TASK INSTRUCTIONS —
Go through the listing below and output exactly the line with "यही जनवरी ३१", the line with "Hey Facebook Fans!", and each line between; omit the rest.

RECORDS PROVIDED —
++++++++++++++++++++

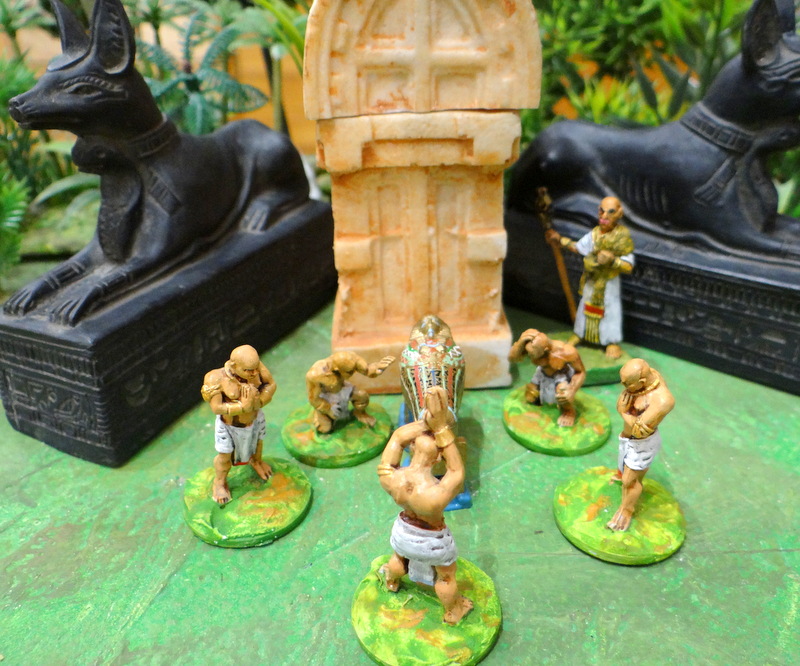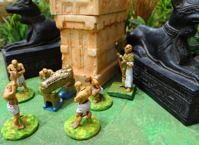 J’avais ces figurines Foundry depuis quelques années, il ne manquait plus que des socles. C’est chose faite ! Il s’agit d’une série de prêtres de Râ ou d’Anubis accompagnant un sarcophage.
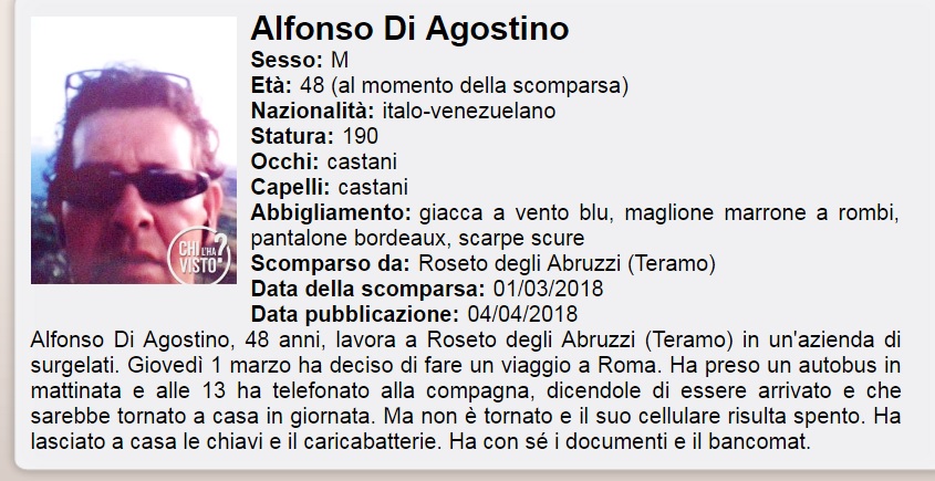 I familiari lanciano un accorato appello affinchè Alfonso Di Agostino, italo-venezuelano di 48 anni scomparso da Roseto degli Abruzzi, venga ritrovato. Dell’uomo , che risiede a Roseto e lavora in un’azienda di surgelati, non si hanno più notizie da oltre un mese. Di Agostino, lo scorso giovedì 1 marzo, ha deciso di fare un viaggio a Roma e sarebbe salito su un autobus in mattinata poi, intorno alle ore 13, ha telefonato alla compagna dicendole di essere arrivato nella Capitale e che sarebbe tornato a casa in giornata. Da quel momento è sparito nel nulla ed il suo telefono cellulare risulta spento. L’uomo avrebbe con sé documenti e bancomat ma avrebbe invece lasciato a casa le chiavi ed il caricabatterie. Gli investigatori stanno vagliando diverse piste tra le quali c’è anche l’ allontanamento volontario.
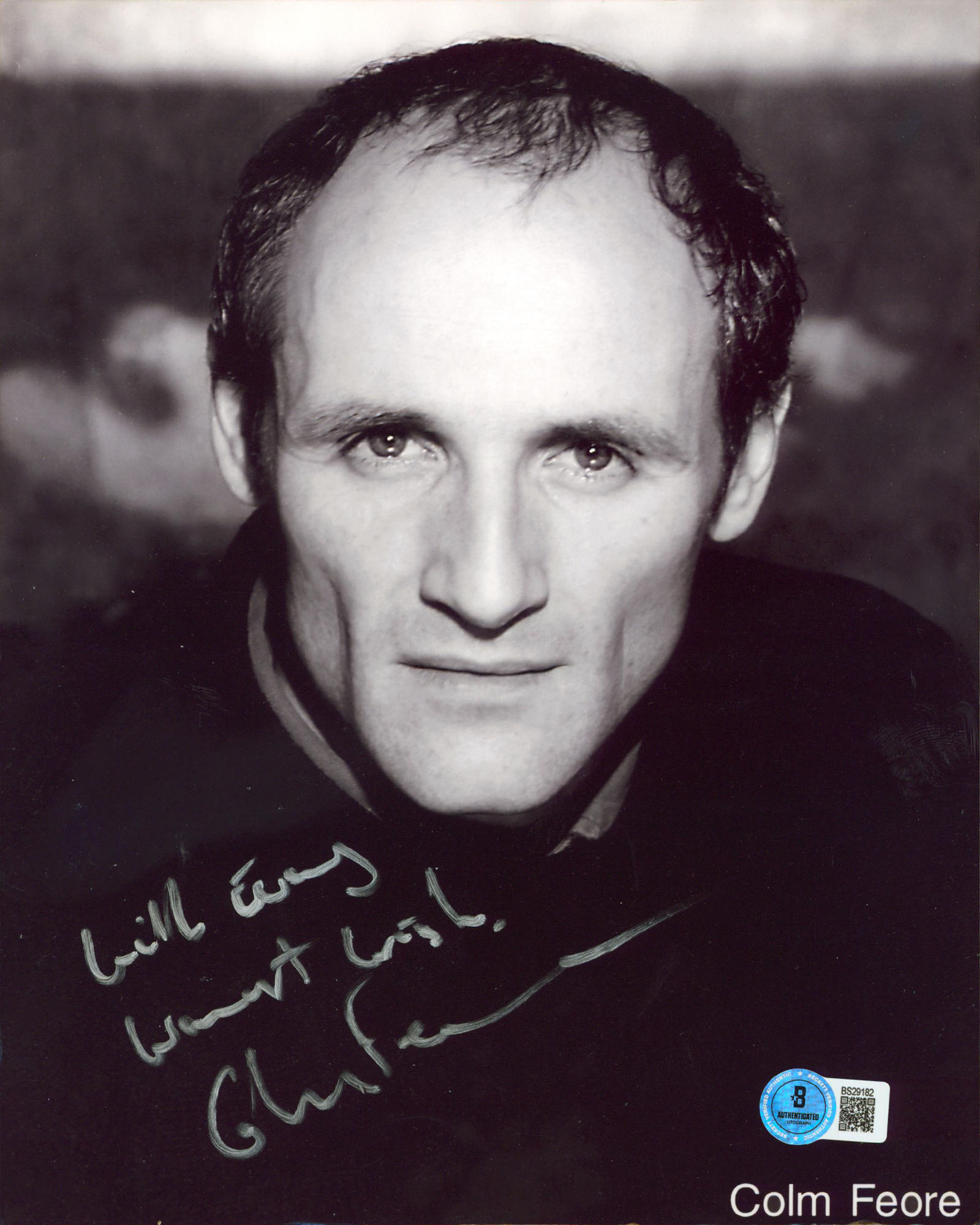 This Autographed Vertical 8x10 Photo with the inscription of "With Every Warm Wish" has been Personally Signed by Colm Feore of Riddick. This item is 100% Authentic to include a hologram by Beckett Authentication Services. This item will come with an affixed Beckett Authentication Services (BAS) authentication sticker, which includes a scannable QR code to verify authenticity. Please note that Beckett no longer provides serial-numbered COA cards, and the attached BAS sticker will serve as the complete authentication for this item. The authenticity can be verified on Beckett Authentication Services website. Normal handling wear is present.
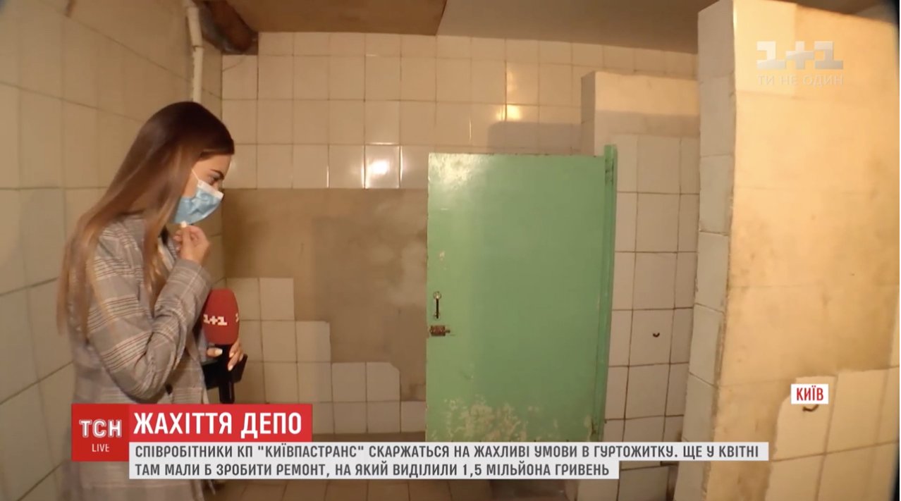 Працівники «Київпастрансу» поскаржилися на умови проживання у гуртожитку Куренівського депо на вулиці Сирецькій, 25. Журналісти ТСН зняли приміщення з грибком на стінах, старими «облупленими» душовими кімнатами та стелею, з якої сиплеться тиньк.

++++++++++++++++++++

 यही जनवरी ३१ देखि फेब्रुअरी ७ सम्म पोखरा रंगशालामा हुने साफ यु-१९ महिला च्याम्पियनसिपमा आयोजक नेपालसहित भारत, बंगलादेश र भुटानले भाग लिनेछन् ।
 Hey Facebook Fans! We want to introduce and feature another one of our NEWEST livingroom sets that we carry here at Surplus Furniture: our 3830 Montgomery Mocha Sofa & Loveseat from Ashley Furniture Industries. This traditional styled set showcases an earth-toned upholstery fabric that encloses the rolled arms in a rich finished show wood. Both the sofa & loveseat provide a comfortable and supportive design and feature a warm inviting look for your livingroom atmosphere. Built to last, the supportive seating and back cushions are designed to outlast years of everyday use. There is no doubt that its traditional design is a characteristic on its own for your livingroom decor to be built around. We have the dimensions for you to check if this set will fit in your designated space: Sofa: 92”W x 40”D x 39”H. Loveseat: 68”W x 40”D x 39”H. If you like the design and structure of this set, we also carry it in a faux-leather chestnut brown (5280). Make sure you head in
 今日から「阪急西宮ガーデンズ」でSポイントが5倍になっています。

++++++++++++++++++++

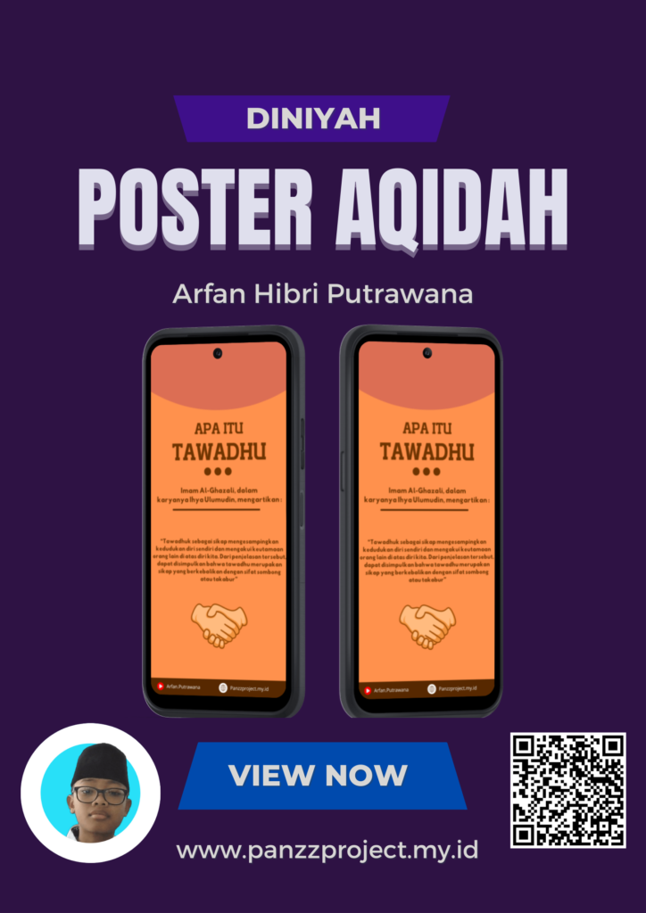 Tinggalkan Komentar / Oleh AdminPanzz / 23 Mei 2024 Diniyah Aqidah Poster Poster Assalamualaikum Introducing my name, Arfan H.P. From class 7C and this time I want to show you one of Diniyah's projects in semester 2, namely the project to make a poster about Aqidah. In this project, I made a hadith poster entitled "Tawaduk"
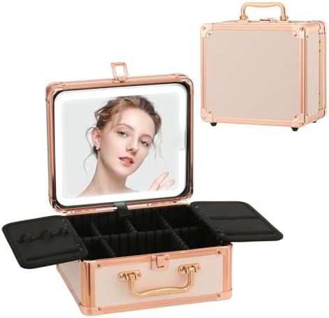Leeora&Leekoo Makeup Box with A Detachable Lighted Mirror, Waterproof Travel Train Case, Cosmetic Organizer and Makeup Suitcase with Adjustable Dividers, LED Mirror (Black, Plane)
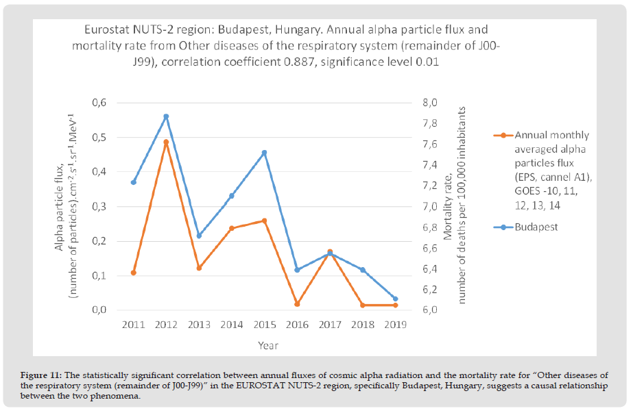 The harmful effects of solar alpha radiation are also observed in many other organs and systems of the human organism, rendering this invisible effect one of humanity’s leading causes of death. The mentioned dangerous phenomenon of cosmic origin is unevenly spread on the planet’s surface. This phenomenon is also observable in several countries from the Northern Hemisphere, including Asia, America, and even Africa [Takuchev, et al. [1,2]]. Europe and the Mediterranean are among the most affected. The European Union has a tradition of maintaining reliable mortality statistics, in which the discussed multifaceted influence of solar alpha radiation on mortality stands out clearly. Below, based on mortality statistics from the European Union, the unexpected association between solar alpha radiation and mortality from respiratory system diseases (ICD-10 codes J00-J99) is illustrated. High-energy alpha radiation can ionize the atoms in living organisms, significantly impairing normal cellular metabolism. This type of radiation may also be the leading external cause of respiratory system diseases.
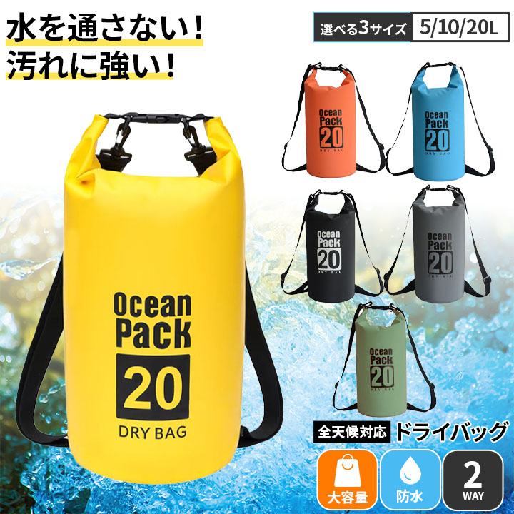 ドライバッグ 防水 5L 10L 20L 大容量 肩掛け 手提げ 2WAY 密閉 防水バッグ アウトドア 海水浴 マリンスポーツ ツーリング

++++++++++++++++++++

RESULT OF THE EXERCISE —
 यही जनवरी ३१ देखि फेब्रुअरी ७ सम्म पोखरा रंगशालामा हुने साफ यु-१९ महिला च्याम्पियनसिपमा आयोजक नेपालसहित भारत, बंगलादेश र भुटानले भाग लिनेछन् ।
 Hey Facebook Fans! We want to introduce and feature another one of our NEWEST livingroom sets that we carry here at Surplus Furniture: our 3830 Montgomery Mocha Sofa & Loveseat from Ashley Furniture Industries. This traditional styled set showcases an earth-toned upholstery fabric that encloses the rolled arms in a rich finished show wood. Both the sofa & loveseat provide a comfortable and supportive design and feature a warm inviting look for your livingroom atmosphere. Built to last, the supportive seating and back cushions are designed to outlast years of everyday use. There is no doubt that its traditional design is a characteristic on its own for your livingroom decor to be built around. We have the dimensions for you to check if this set will fit in your designated space: Sofa: 92”W x 40”D x 39”H. Loveseat: 68”W x 40”D x 39”H. If you like the design and structure of this set, we also carry it in a faux-leather chestnut brown (5280). Make sure you head in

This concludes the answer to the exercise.